A Week Of Claude Code
This week at work I had the chance to spend some time working with Claude Code and I loved it!
I’ve already processed a lot of information about Claude Code, so I started off feeling pretty comfortable with using it. I am so aware there is a lot about Claude Code out there, so my remarks will really only focus on my experience. Additionally, if there is one thing that is true, its that the AI industry moves fast. Who knows… will this article be completely irrelevant in 1 month or in 1 year? So I’ll try and balance the constant and the trendy.
Context: I’ve used Claude code for a variety of different tasks, but I primarily tested it with a brand new project and an existing + extensive + open source project.
Did you know that Claude was possibly named after the Mathematician Claude Shannon?
What did surprise me
I knew Claude Code was run in the terminal, but I didn’t realize it mattered where it run. I love that approach to context control. It felt like a very practical and intuitive design choice.

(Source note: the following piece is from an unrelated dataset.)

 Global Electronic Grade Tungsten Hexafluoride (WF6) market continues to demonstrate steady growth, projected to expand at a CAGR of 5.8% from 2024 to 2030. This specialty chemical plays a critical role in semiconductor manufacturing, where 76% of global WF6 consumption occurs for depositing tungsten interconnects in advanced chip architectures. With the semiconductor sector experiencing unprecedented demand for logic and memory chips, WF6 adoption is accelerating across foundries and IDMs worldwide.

The Claude.md file was more helpful then I gave it credit for helping Claude process a large codebase. It really simplified the context gathering later on. It is less helpful for smaller projects you might be starting from scratch.

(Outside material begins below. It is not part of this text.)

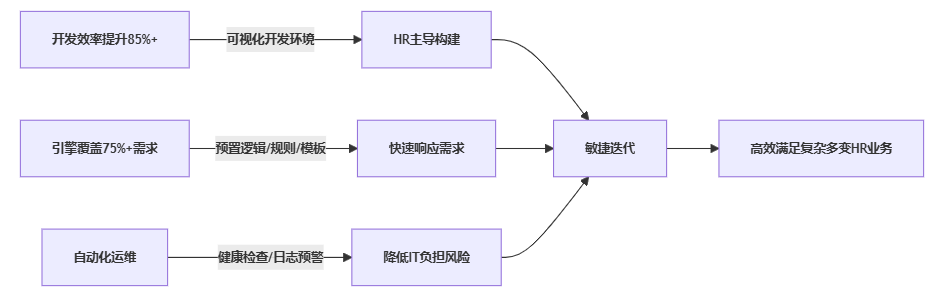 - 开发效能: 全可视化开发环境是核心优势。通过拖拽配置和复用预置资产,开发效率较传统定制开发提升85%以上。显著降低了对专业IT编码技能的依赖,赋能HR和业务人员深度参与甚至主导应用构建,实现真正的敏捷响应。

The initial tools were limited. I didn’t realize it wouldn’t have access to the web right off the bat. I didn’t experiment with other tools, preferring to keep it quite bare-bones.
Other Notes
Claude code is so fun to work with. I seriously went so much farther then I would have normally. Getting into a flow state was significantly easier.
Reading text isn’t fun. Andrej Karpathy in his talk Software Is Changing (Again) emphasizes speeding up the cycle between generation and verification. Like Andrej said “reading text is effortful and not fun.” Reading Claude’s diffs was fun only because I was excited about using Claude. Sometimes the text was quite extensive as the diffs grew. My normal coding practice involves small incremental diffs, so this could feel quite foreign and frustrating.
I love that it is platform agnostic. It makes it so easy to work with it regardless of your IDE. This resolves some serious pain points and makes it a lot easier for teams to incorporate without hiccups.
I loved using with git! The amount of times I need to look up basic git commands that I only use semi often is frankly embarrassing, so this felt like a godsend. Using it to synthesize information collected from the gitlog was so easy and so helpful when I worked on the open source project.
I felt most comfortable using claude if I had a good idea of what I wanted. Blindly accepting suggestions is just not my m.o. I know it will break eventually and I know the frustration that will ensue if i know what is going on, let alone if I have no idea. I am not a masochist.